In reality, central banks always chase inflation in order to pay off their debt, as it makes interest rate payments on sovereign debt more affordable. It’s bad money management on top of bad money management, and we’re all being charged for it.

Now, to top it off, they’re practically telling us to go ahead and park our money, that they themselves issued, into gold if we want to hold onto its value.

Widmer states that gold is well-positioned to hit $3,000 in the next 18 months, citing investor interest as one of the key turning points, if not the most important one. We have already mentioned that, despite what things might seem like, open interest isn’t actually there yet. For all the buying in Asia, Western investors are still skittish, both on the bullion and the paper gold side. High premiums don’t really explain it, as Asian buyers are dealing with much higher ones and still piling into gold.

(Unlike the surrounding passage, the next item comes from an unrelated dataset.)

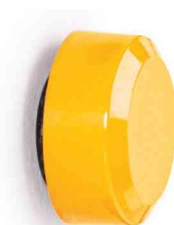
Vue détaillée: profil

We’re already seeing some corroboration of Widmer’s idea in this analysis, which suggests that open interest is inching upwards. The piece notes that 85% of North American professional investors had a gold allocation in 2023, compared to 76% in 2019.

While an undoubtedly large increase, we’d be more curious to see how the percentage has moved over the last two to three years. Nonetheless, the related survey reported that the overwhelming majority of private institutions in North America will either hold on to their allocation or increase it. Whether this is the start of interest that will push gold to the levels mentioned above remains to be seen.

“There is no reason for gold to be this high”… really?

This is now the third consecutive week where we must talk about the idea of gold being shaken out of weak hands. It shouldn’t be the case. Gold shouldn’t be something an investor can be scared into panic selling so that big buyers can scoop up even more of it. That’s more of a Bitcoin thing.

But here we are, facing a bombastic subheading from the Financial Post that claims: “Is it time to cash in your bullion? Maybe.”

In this article, the author speculates on gold’s mysterious rise with seemingly no drivers. She prominently quotes Marc-Antoine Dumont, senior economist for FCDQ, a Canadian financial services group. Headlines like these have been popping up since the start of the year, so we figured it’s time to address the mystery of gold’s rise some more.

Dumont says that there is no obvious reason for gold to be gaining this much, even though it has stayed statically high for weeks.

He says that gold remains elevated despite the risks of a recession lessening. Since the start of the year, this is maybe the second time we’ve encountered someone claiming that the risk of a recession has lessened. Everyone seems to claim the opposite, and those are just opinions considering the U.S. If we go global, the IMF tries to give it a positive note, but still admits:

“The forecast for global growth five years from now—at 3.1 percent—is at its lowest in decades.”

Dumont goes on to downplay central banks’ role in gold prices, saying that this is just a continuation of a trend that started in 2008. It sure is, but central banks in 2008, 2010 or 2019 weren’t posting 50-year annual records in terms of purchases.

Then we get to inflation, the pressures of which Dumont says have eased around the world. Where, exactly, might we ask? Are we not seeing country after country collapse its fiat, from Argentina to Turkey? Have we forgotten that a growing number of senior economists believes a normalization of a 4% inflation rate in the U.S. is coming? How about the general agreement that official gauges of inflation deliberately downplay it?

Dumont is puzzled by the U.S. dollar going up alongside gold, when in reality, there is nothing ambiguous about it. Clearly, big and small players in the market aren’t buying into the strength of a sovereign backed by a $34 trillion debt pile. And for that matter, Dumont makes it seem as if appetite for U.S. debt is increasing, not decreasing, despite countries dumping their U.S. liabilities in favor of gold left and right.